For eleven year old Melissa, who has the rare liver condition, biliary hyperplasia, the first time she met other young people with a liver condition was at CLDF’s Chocolate and Pottery Day in Worcester.
“I had never been to a CLDF event and didn’t know what to expect but it was great fun,” says Melissa. “The best bit was building models out of chocolate and meeting other children who have liver disease like me.
“Then a few months later, when my mum and dad went to the conference, I went to Drayton Manor. That was even better. I met more new friends and was able to spend the whole day with them. It was a really exciting day – there were so many rides to choose from.

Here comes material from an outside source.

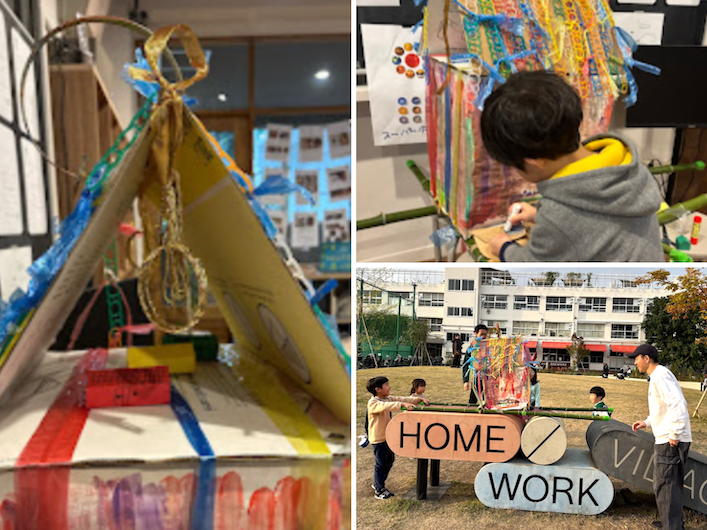 あるものは、「まち」のクラスで行われていた「神輿」(みこし)にも展開していったようです。「試行錯誤しながら、手探りで素材をかき集めて形にすることを楽しむ様子がありました」と大西さん。出口プロジェクトの素材たちが、よい教材に生かされた様子が伝わってきます。

I am definitely looking forward to my next CLDF event. I have lots of friends at school but it’s great to meet people who really understand what it’s like to have a liver disease”
Melissa with her parents, Julie and Garfield
Melissa’s mum, Julie says: “Because liver disease is so rare, it’s good to know that there is a reliable source of information out there. Melissa moved to senior school this year and being able to give her new school an education pack helped me feel more confident about the move. We found the national conference really informative and of course it’s always good to meet other parents in our situation.
“Most of all , though, as Melissa grows up and has to manage her liver condition for herself, it’s important that she knows she is not alone. So I am so pleased she has made new friends through CLDF and am looking forward to her being able to try out new experiences with them as she gets older.”